Além disso, Hocking e colaboradores em 2008 analisaram a estrutura da proteína FH com o auxílio do software STRIDE para observar a conformação secundária da proteína entre seus três primeiros domínios SCR. Estes domínios foram alinhados com outras proteínas da mesma família: como C4BP, DAF, CR1 e MCP. Apesar das funções distintas destas proteínas, as bases estruturais apresentam-‐se semelhantes e as regiões com completa ou parcial funcionalidade são correspondentes. Desta forma, pôde-‐se verificar aminoácidos e estruturas secundárias conservadas entre as proteínas. A partir do alinhamento destas proteínas, foi proposta uma estrutura tridimensional composta
por oito estruturas contendo filamentos β, cada uma formada por quatro ou mais estruturas β-‐folhas (Hocking et al., 2008).

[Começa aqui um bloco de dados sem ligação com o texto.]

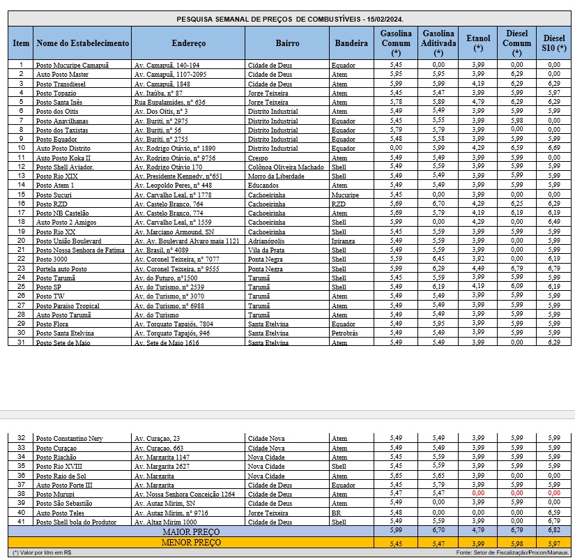 Manaus/AM - O Serviço de Atendimento e Proteção ao Consumidor (Procon Manaus), divulgou, nesta quinta-feira (15), os resultados da última pesquisa sobre os preços de combustíveis na região, revelando diminuição no valor, em comparação com a última pesquisa.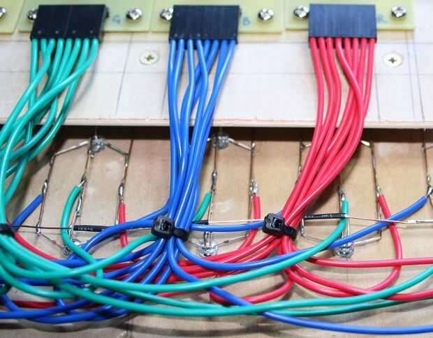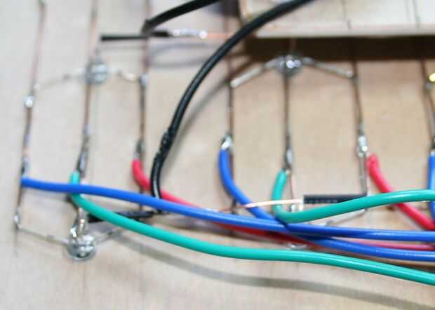Después de soldar las filas del ánodo, luego pasó al rojo, azul y verde de soldadura columnas. Cuando fui para soldar las columnas, pasé el cable debajo de la línea de ánodo por lo que hubo un aislado espaciador separa el ánodo los cátodos... a pesar de no protege a las otras filas de ánodo.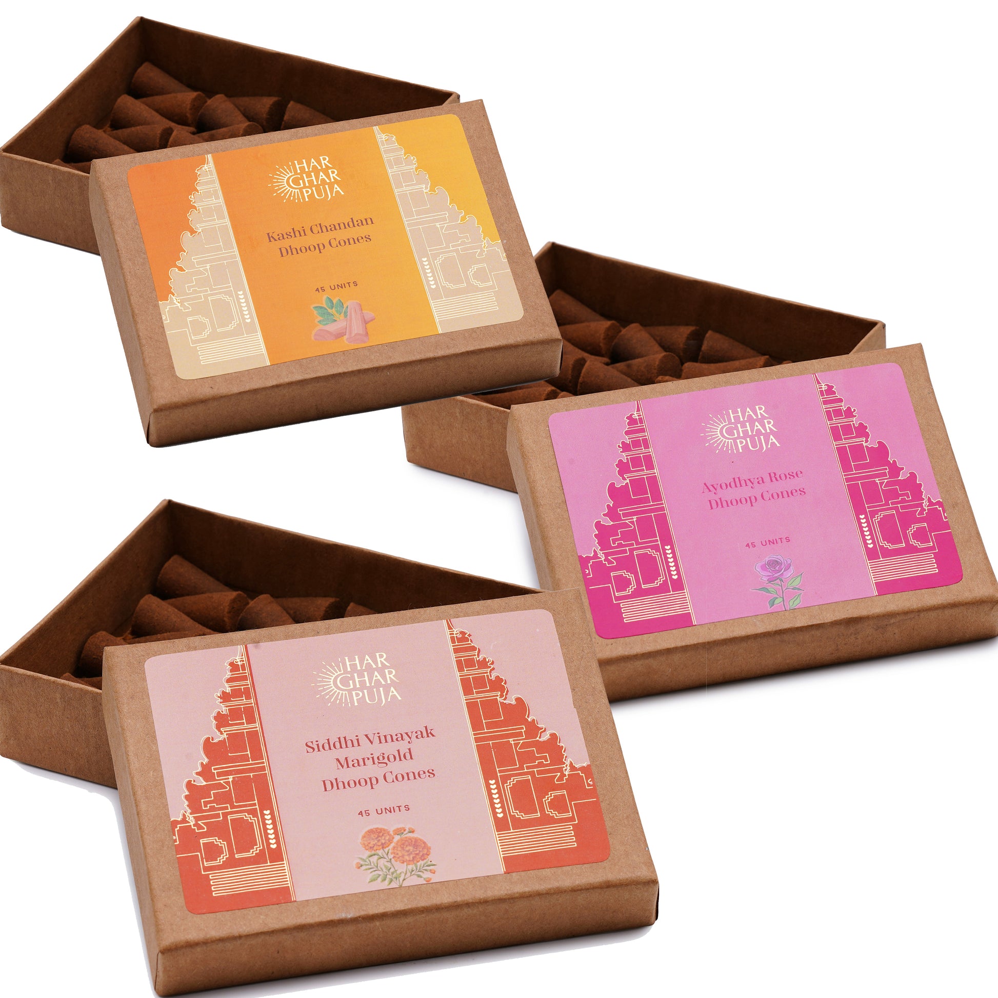 Har Ghar Puja Dhoop Cones (Ayodhya Rose, Siddhi Vinayak Marigold and Kashi Chandan)

A partir desta construção, foi observado que a mutação (Arg127His) estudada está localizada dentro de um filamento β no aminoácido conservado entre espécies distintas (Falcão et al., 2008; Hocking et al., 2008). Assim, a localização desta mutação sugere uma importância da Arg127 em eventos pós-‐translacionais desta proteína, possivelmente relacionados com sua secreção.
Além disso, existem poucos dados publicados sobre retardamento de secreção de FH. Em uma das publicações, mutações de troca de aminoácido foram geradas na Cys518Arg e Cys941Tyr. Estas mutações nas cisteínas causaram uma retenção da proteína no retículo endoplasmático e retardo da secreção de FH comprovadas por microscopia de imunofluorescência e Western blotting, respectivamente (Ault et al., 1997). Em 1999, Schmidt e colaboradores mostraram a importância da integridade da estrutura dos SCRs ao induzir a quebra das pontes dissulfetos dessas moléculas, por mutações pontais nas cisteínas. Os clones foram transfectados em células Cos-‐1 e o padrão de retenção no retículo endoplasmático foi semelhante ao encontrado em pacientes com mutações de troca de aminoácido nestas cisteínas (Schmidt et al., 1999).
Desta forma, tornou-‐se interessante esclarecer o mecanismo de secreção de FH e se a mutação Arg127 estaria associada com o retardo na secreção da proteína. Desejamos também localizar o compartimento intra-‐celular onde a proteína mutante é retida no fibroblasto do paciente deficiente de FH. Outro ponto que nos interessa é verificar se a retenção protéica é capaz de causar alteração celular devido ao estresse no RE. Considerando que o FH mutante possa ser funcional, tornou-‐se importante considerar a possibilidade de empregarmos tratamentos que facilitasse o dobramento protéico e, com isso, a secreção de FH.
2 Objetivos
Investigar a importância da Arg127 para secreção e atividade da proteína FH.
Investigar as consequências da retenção da proteína mutante para a célula do paciente deficiente de FH.
2.1 Objetivos específicos
Analisar se a mutação Arg127His alterou a capacidade de síntese e secreção de FH.
Confirmar se a mutação é responsável pela retenção de FH.
Determinar qual compartimento intracelular está envolvido na retenção da proteína FH e suas consequências para a célula.
Observar se a retenção de FH poderia induzir estresse no retículo endoplasmático diminuindo a expressão de reguladores de membrana do sistema complemento.
Avaliar se a mutação Arg127His afetou a capacidade de FH atuar como co-‐fator de FI na clivagem de C3b.
Induzir a secreção in vitro de FH Arg127His pelos fibroblastos do paciente após tratamento com curcumina e ácido 4-‐fenilbutírico.